▸ What the exercise asks
An exact copy, beginning at the line containing "KB국민은행이 금융 환경의" and ending at the final line of the records that follow, is the answer; it has no pictures and no other text.

————————

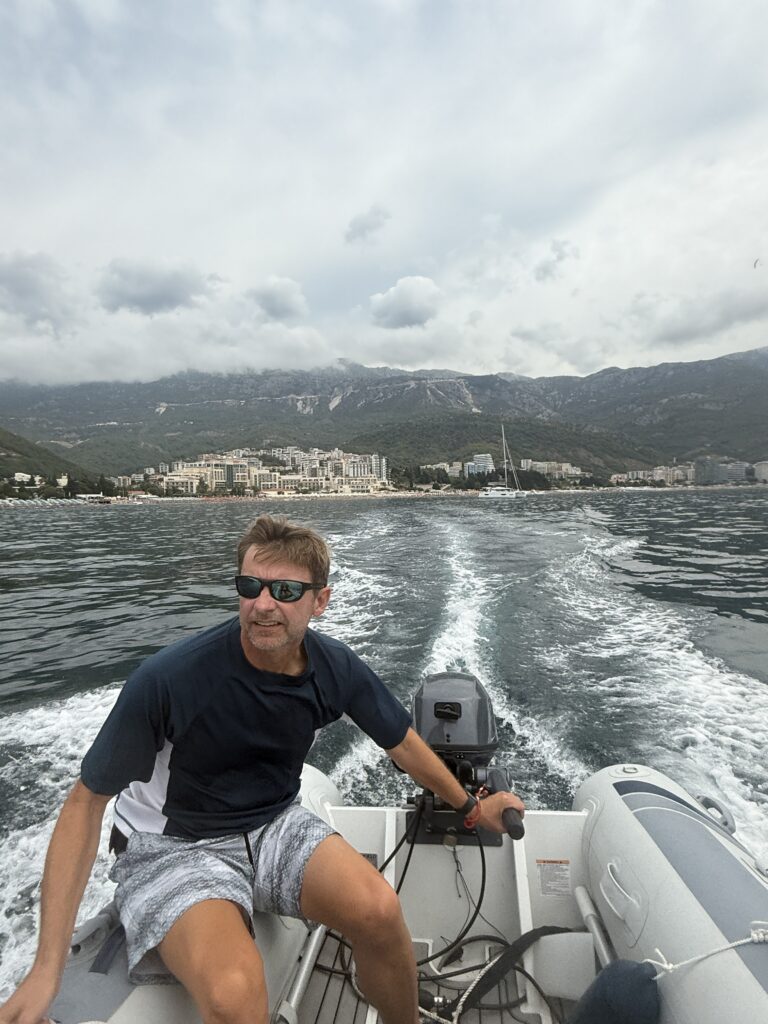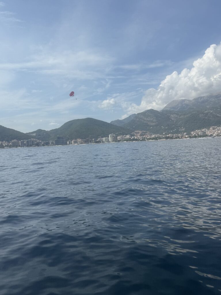 From our pretty anchorage just off Sveti Stefan Beach near Becici, we had front-row seats to the madness unfolding across Uvala Bay: paragliders and parasailers dangling from the skies, inflatable lounges packed with kids bouncing wildly behind speedboats, jet skis carving wild turns like torpedoes, and a guy clinging to a donut tube for dear life – biceps flexed, dignity questionable. It was beach resort chaos in full swing – thrilling, a little reckless, and wildly entertaining.
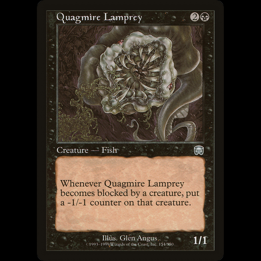 Whenever Quagmire Lamprey becomes blocked by a creature, put a -1/-1 counter on that creature.
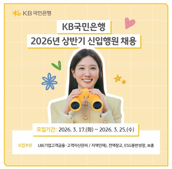 KB국민은행이 금융 환경의 변화에 대응하고 새로운 가치를 창출할 인재를 선발하기 위해 2026년 상반기 신입행원 채용을 실시한다고 18일 밝혔다.
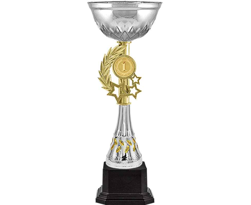 Кубок, серия кубков традиционной формы с элегантными чашами из металла и изысканными стемами из пластика. Металлическая эмблема 25 мм в комплекте.
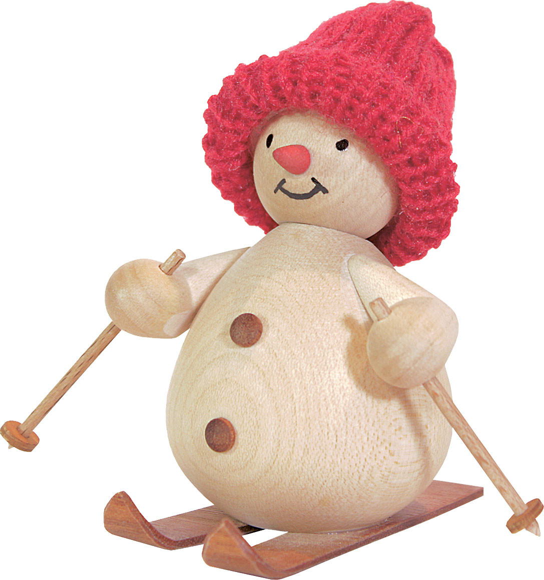 Der Schneemann hat gute Laune. Endlich kann er mit seinen Skiern durch den Wald fahren.
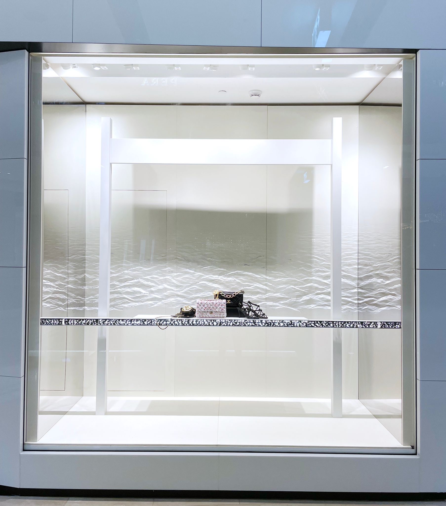 The wave walls read as landscapes with surface carving establishing a precise topography, but it is the finishing sequence that activates the window: successive coats of pigment, metallic suspensions, foils, glazes, varnish and particulate mica turn the surface into a calibrated light instrument, shifting from flat plane to depth.
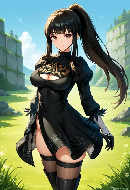 裙子: "twobskirt, nier dress, cleavage cutout, skirt, thighhighs under boots,"

————————

▸ Solution to this exercise
 KB국민은행이 금융 환경의 변화에 대응하고 새로운 가치를 창출할 인재를 선발하기 위해 2026년 상반기 신입행원 채용을 실시한다고 18일 밝혔다.
 Кубок, серия кубков традиционной формы с элегантными чашами из металла и изысканными стемами из пластика. Металлическая эмблема 25 мм в комплекте.
 Der Schneemann hat gute Laune. Endlich kann er mit seinen Skiern durch den Wald fahren.
 The wave walls read as landscapes with surface carving establishing a precise topography, but it is the finishing sequence that activates the window: successive coats of pigment, metallic suspensions, foils, glazes, varnish and particulate mica turn the surface into a calibrated light instrument, shifting from flat plane to depth.
 裙子: "twobskirt, nier dress, cleavage cutout, skirt, thighhighs under boots,"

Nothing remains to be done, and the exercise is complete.